TYPES OF REMEDIES FOR BREACH OF CONTRACT 1. SUIT FOR RESCISSON When a contract is broken by one party, the party may treat the breach as discharge and refuse to perform his part of contract. He may bring an action for the rescission of the contract. 2. SUIT FOR DAMAGES The damages means monetary compensation allowed to the injured party for the loss or injury suffered by him as a result of the breach of contract. Kinds of Damages: a) Ordinary or General or Compensatory Damages-ordinary damages are those which are payable for the loss arising naturally and directly, in the usual course, from the breach of contract. b) Special Damages-special damages are those resulting from a breach of contract under some special circumstances.

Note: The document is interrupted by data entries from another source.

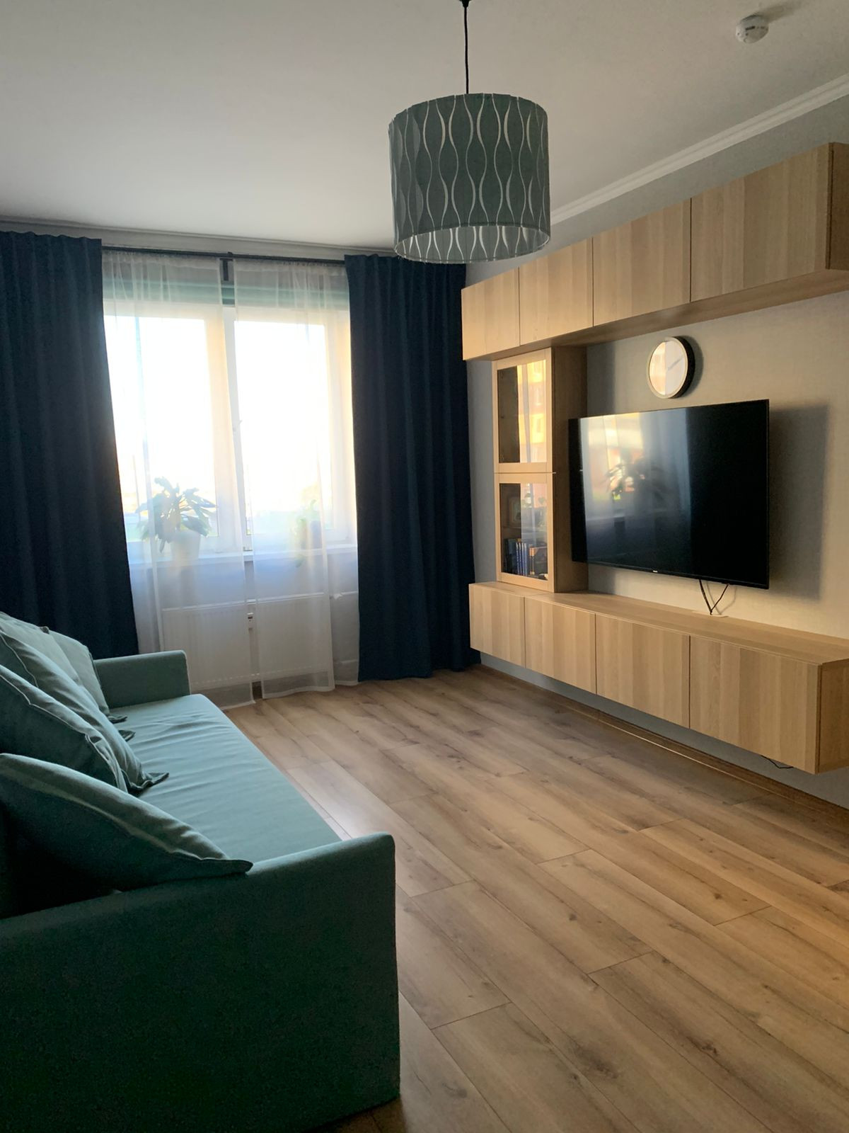 В гостиной заменён ламинат, переклеены обои.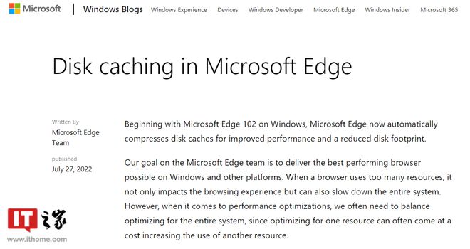 微软:Edge 浏览器已内置磁盘缓存压缩技术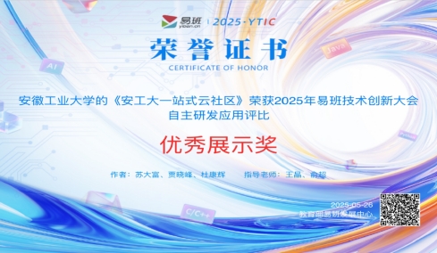 5月22日至26日,由教育部易班发展中心主办的2025年全国高校易班技术创新大会在广东省珠海市胜利召开。来自全国100余所高校的400余名师生齐聚一堂,围绕网络思想政治教育与技术创新展开深入交流与展示。大会集中评比了高校在易班平台应用与开发方面的技术成果,公司TapTap点点报送的作品《安工大一站式云社区》荣获自主研发应用评比优秀展示奖。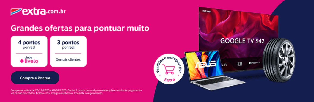 Extra: 4 pontos por real gasto exclusivo para assinantes Clube Livelo; 3 pontos por real para demais clientes em produtos vendidos e entregues por Extra e 1 ponto por real para marketplace mediante pagamento via cartão de crédito, boleto e Pix.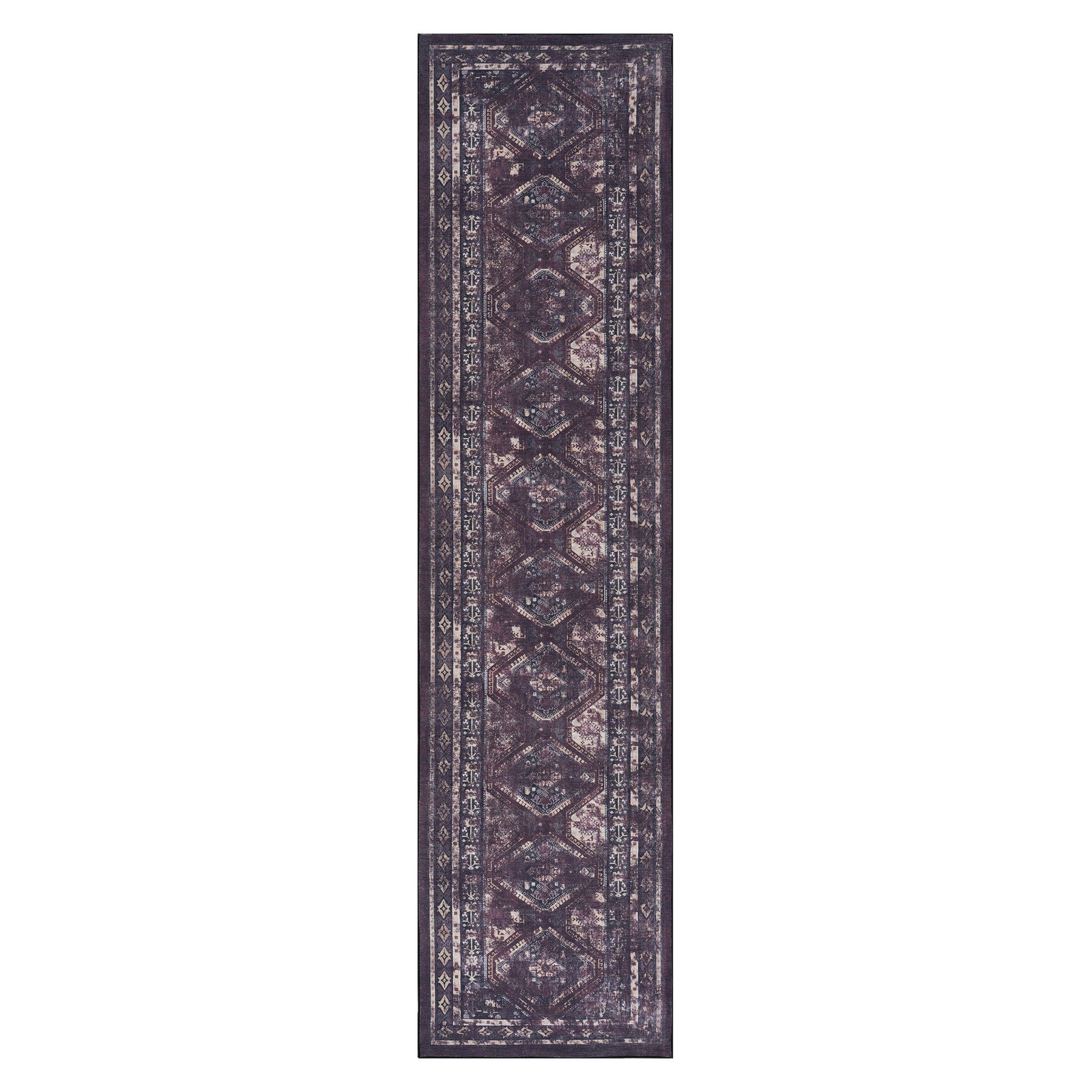 Maval - 2'6'' X 10' Washable Runner Rug - Black / Burgundy

When a special circumstance exists the non-performance of the promise entitles to the promisee to not only the ordinary damages but also special damages.

c) Nominal Damages-these are the damages, which are very small in amount. Nominal damages are awarded simply to recognize the right of the party to claim damages even though the party suffered no loss. d) Exemplary or Punitive or Vindictive Damages-these are such damages, which are awarded by way of compensation for the loss suffered and not by way of punishment. I. Breach of Contract to Marry-in this case, the amount of the damages will depend upon the extent of injury to the partys feelings. II. Dishonour of a Cheque by a Banker when there are sufficient funds to the Credit of the Customer. 3. SUIT UPON QUANTUM MERUIT The term quantum meruit means as much as earned. A person can recover compensation in proportion to the work done by him. This doctrine is applied where there is no express promise to pay definite remuneration to a person. And the person claims reasonable. And the person claims reasonable remuneration for the service rendered by him. 4. SUIT FOR SPECIFIC PERFOREMANCE Specific performance means the actual carrying out of the contract as agreed. Where the damages are not the adequate remedy for breach of contract, the party aggrieved may bring an action for specific performance of the contract. And the court may direct the defaulting party to carry out his obligations according to the terms of contract. 5. SUIT FOR INJUNCTION Injunction is an order of a court restraining a person from doing a particular act. It is an order of the court restraining a person from doing something, which he promised not to do.